Please transcribe the listing that follows exactly; images are to be excluded.

*DATA*:
=-=-=-=-=
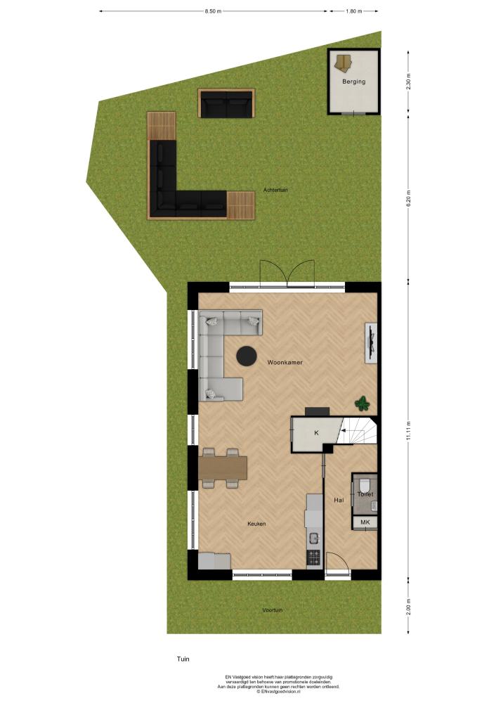 Entree halfvrijstaande kadewoning. Hal met garderobe en meterkast. Toiletruimte met wandcloset en fontein. Trapopgang. L-vormige doorzon woonkamer met open leefkeuken (casco op te leveren). Lichtinval van drie kanten. Gevelhoge raampartijen met dubbele openslaande deuren naar beschutte achtertuin op het westen en zuiden. Houten berging, voorzien van elektra.
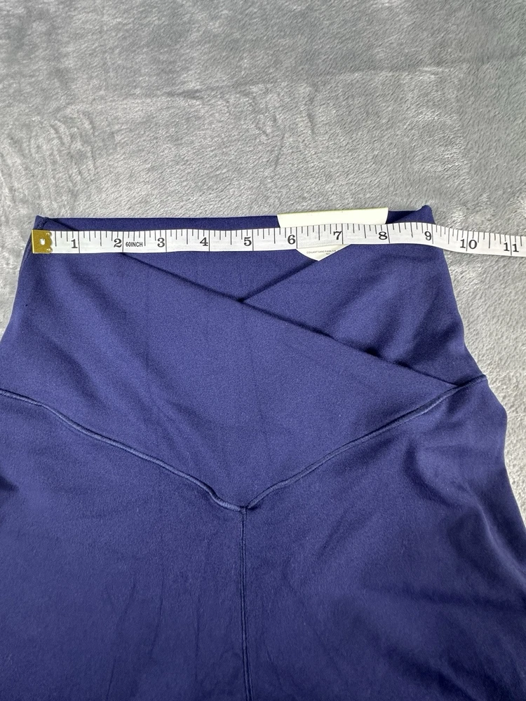 These new with tags Navy Blue leggings are in excellent condition. They are the 7/8 legging hi-rise and are soft and have stretch for awesome comfort. The front waist has a pretty crossover design in the waistband. They are labeled as a Size Small and have a 24.5” inseam. Approximate Measurements: Inseam - 24.5” Waist - 18” Rise - 8.5” Bottom ankle hem across - 4” ***Measurements can be seen in photos.
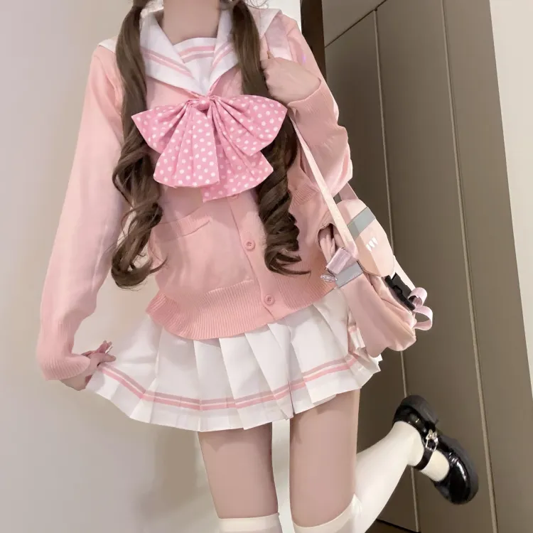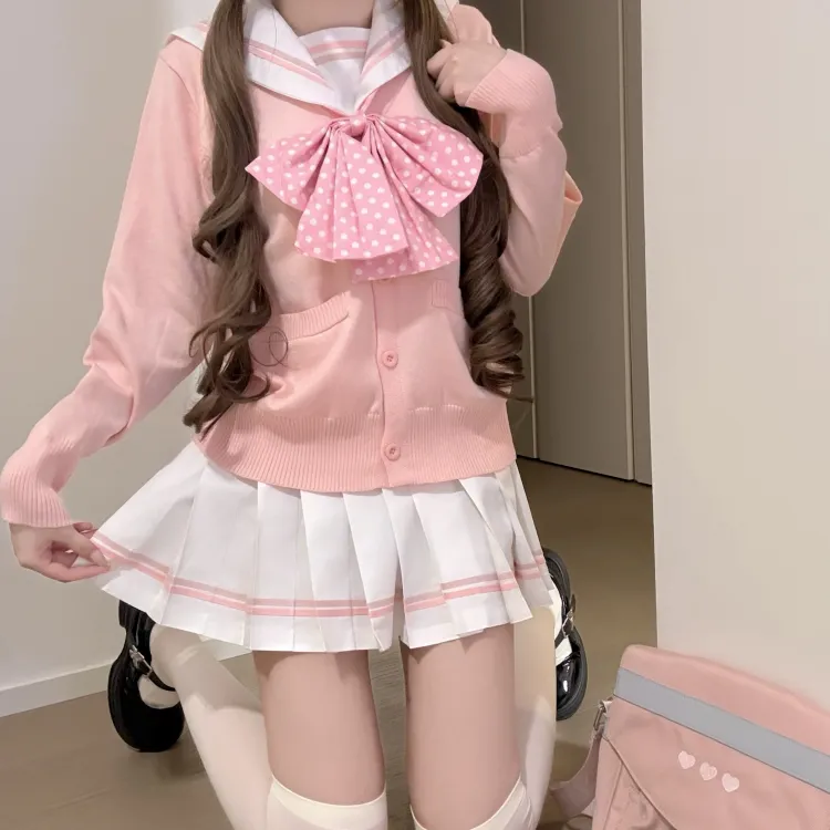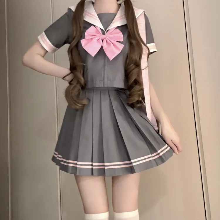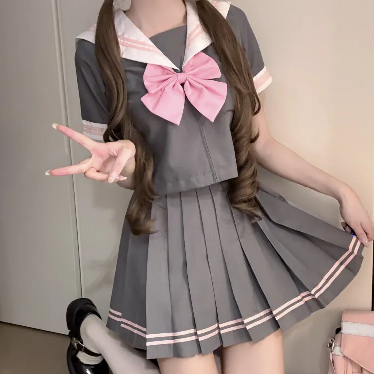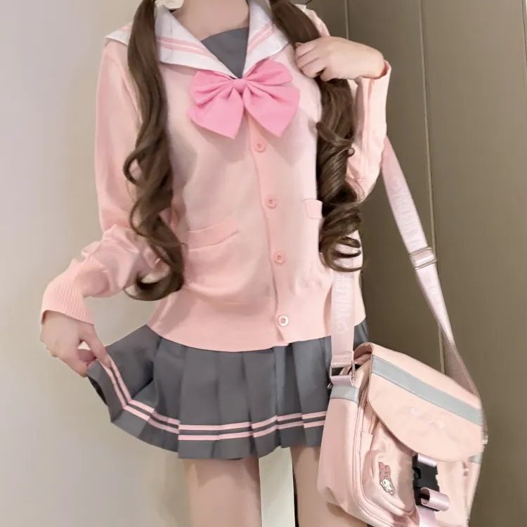 Серый Розовый Матроска 4-Предметный Комплект (Серый Розовый Топ + Юбка с Плиссировкой + Розовый Бант + Розовый Кардиган) с Бумажной Картой в Пакете
=-=-=-=-=
*YOUR SOLUTION*:
 Entree halfvrijstaande kadewoning. Hal met garderobe en meterkast. Toiletruimte met wandcloset en fontein. Trapopgang. L-vormige doorzon woonkamer met open leefkeuken (casco op te leveren). Lichtinval van drie kanten. Gevelhoge raampartijen met dubbele openslaande deuren naar beschutte achtertuin op het westen en zuiden. Houten berging, voorzien van elektra.
 These new with tags Navy Blue leggings are in excellent condition. They are the 7/8 legging hi-rise and are soft and have stretch for awesome comfort. The front waist has a pretty crossover design in the waistband. They are labeled as a Size Small and have a 24.5” inseam. Approximate Measurements: Inseam - 24.5” Waist - 18” Rise - 8.5” Bottom ankle hem across - 4” ***Measurements can be seen in photos.
 Серый Розовый Матроска 4-Предметный Комплект (Серый Розовый Топ + Юбка с Плиссировкой + Розовый Бант + Розовый Кардиган) с Бумажной Картой в Пакете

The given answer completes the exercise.